Childhood asthma is more common in high-income nations than in low–middle-income countries. After migrating to industrialized nations, however, children born in developing countries acquire a greater risk of asthma over time, likely due to environmental and lifestyle changes (i.e., reduced physical activity and a “Westernized” diet) (23, 24). For example, migrant children living in Italy for less than 5 years had 41% lower odds of lifetime asthma than native children (95% confidence interval for odds ratio, 0.23–0.66), but those living in Italy for at least 5 years had an asthma risk close to that of native children (25). Similar results were found in Australian adolescents (26) and in Swedish children or young adults (27). This migration-related asthma risk may be greatest for those migrating before age 5 years, as early life is critical to immune system development (28). Moreover, individuals born to migrant parents in high-income countries are at greater risk of asthma than their foreign-born parents: Mexican Americans born in the United States have twice the odds of asthma as those born in Mexico (29).

Adult migrants may not be as likely to develop asthma as migrating children, except for occupational asthma. In a 2001 study of adults living in 18 countries in the EU, there was no significant difference in bronchodilator responsiveness, atopy, or health care use for asthma between migrants and nonmigrants (30). In the United States, adult migrants are often employed as farm workers, which puts them at risk of chronic airflow obstruction and chronic bronchitis (31).
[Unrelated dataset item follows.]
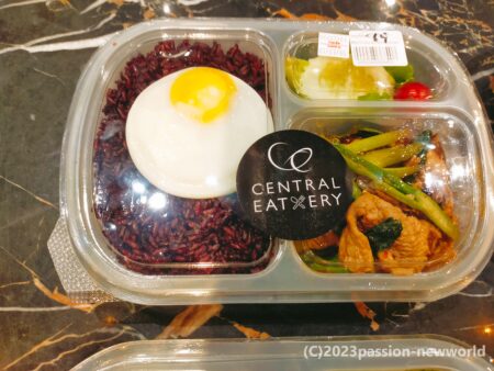 今回販売されていたお弁当は3種類。おかずは、トマトとエビの野菜炒め、豚肉のハーブ炒め、豚肉のピリ辛炒め。ライスはいずれも黒っぽい深紫色の「ライスベリー」。値上げされたとはいえ、60バーツ台で何とか踏みとどまっている。これなら、まだお買い得と言えるだろうが、70バーツ台に入ってくると、少し躊躇したくなる。

Little is known about respiratory diseases in refugee children. In a Palestinian study, children in refugee camps were at higher risk of asthma or asthma symptoms than those from neighboring villages or cities. Among refugee children, current wheeze (12.6%) and physician-diagnosed asthma (15.6%) were particularly common (32). Similar findings were obtained in a study of migrants crossing the Mediterranean Sea into Italy, in which young children (≤5 yr) and unaccompanied minors were particularly vulnerable to respiratory illnesses such as asthma and respiratory infections (33). Additional studies are needed to identify the relative contribution of risk factors for asthma among migrants and refugees.

COPD

Nearly 29 million people may have COPD in the United States (34). Latinos, whose ancestry can be traced to the former Spanish empire, are the largest minority group in the United States, constituting 17.6% of the nation’s population (35). Latino migrants are diverse for racial ancestry, country of origin, birthplace, and area of residence.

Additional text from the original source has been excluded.